# FIOS in NY announces new push for 500k installs while Xfinity adds data charges



## 1948GG (Aug 4, 2007)

Just read on Ars that Verizon FIOS is finally going to move toward building out their plant in New York city, probably not to the extent they originally agreed to years ago but some 500k addresses (by 2023) while Comcast Xfinity has announced data caps over the northeast that until now have been only applied in the rest of the country. 

Interestingly, I used to live within a FIOS plant out west that was built by Verizon but later has been sold off through at least three owners over the last 15 years, where both Verizon and subsequent operators refused to string fiber down my culdesac leaving us with either dsl or eventually Comcast when they bought out the local independent cableco and upgraded it to docsis3.0. 

At any rate, perhaps NYers who didn't get FIOS years ago may have a chance to again, I wonder what Comcast will respond with their data restrictions in the coming days/weeks/years.
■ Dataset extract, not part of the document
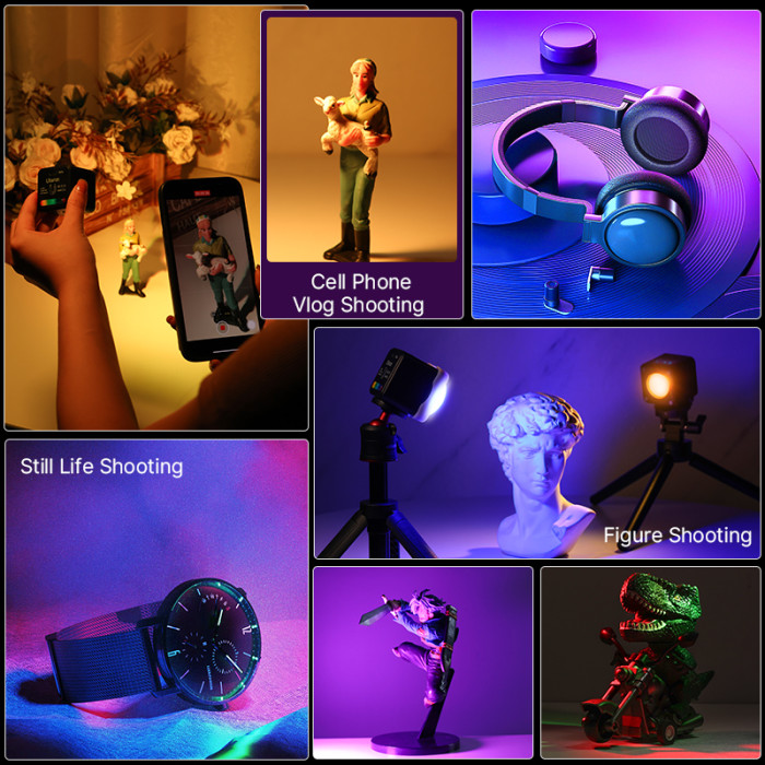 Накамерне світло Ulanzi L2 з 360 RGB відтінками і регулюванням насиченості від 0 до 100% на кожному відтінку, призначене для заливки сцени певним кольором, задавання фону-настрою або ж для класичного підсвічування слабкоосвітлених зон.КРІПЛЕННЯКорпус Ulanzi L2 RGB обладнаний кріпленнями 1/4 (для встановлення на штатив, стійку) і магнітним кріпленням (фіксується до будь-якої металевої поверхні).ДИСПЛЕЙНакамерне світло Ulanzi L2 RGB обладнане OLED HD дисплеєм, який призначено для комфортного керування і вибору з 11 представлених сцен світлових ефектів.АВТОНОМНІСТЬМінівідеосвітло Ulanzi L2 обладнане ємнісним акумулятором 800 мА·год, якого досить на 240 хвилин безперервного світіння на мінімальній яскравості або на 65 хвилин за максимального налаштування рівної 1000 люксів на відстані 50 см.

Will be interesting.

Btw, back years ago, completely surrounded by no data cap FIOS, the only way to get Comcast to lift the caps was to get business class service or stay with 3rd party dsl at 4mb/s (telco dsl had caps).


----------



## techguy88 (Mar 19, 2015)

I find it odd Comcast expands data caps but AT&T increase the # of their plans that get Unlimited Data. In October anyone getting 100 Mbps or higher from AT&T now gets unlimited data lol. My small ISP (Armstrong) recently changed their Zoom plans to Zoom (150 Mbps), Zoom II (300 Mbps) and Zoom Extreme (depending on market anywhere from 500 Mbps to 1 Gig). Zoom Extreme has Unlimited Data. The market across the river (Huntington, WV) was one Comcast market that didn't initially have data caps imposed but will be getting the "generous" 1.2 TB cap on all plans.


----------



## 1948GG (Aug 4, 2007)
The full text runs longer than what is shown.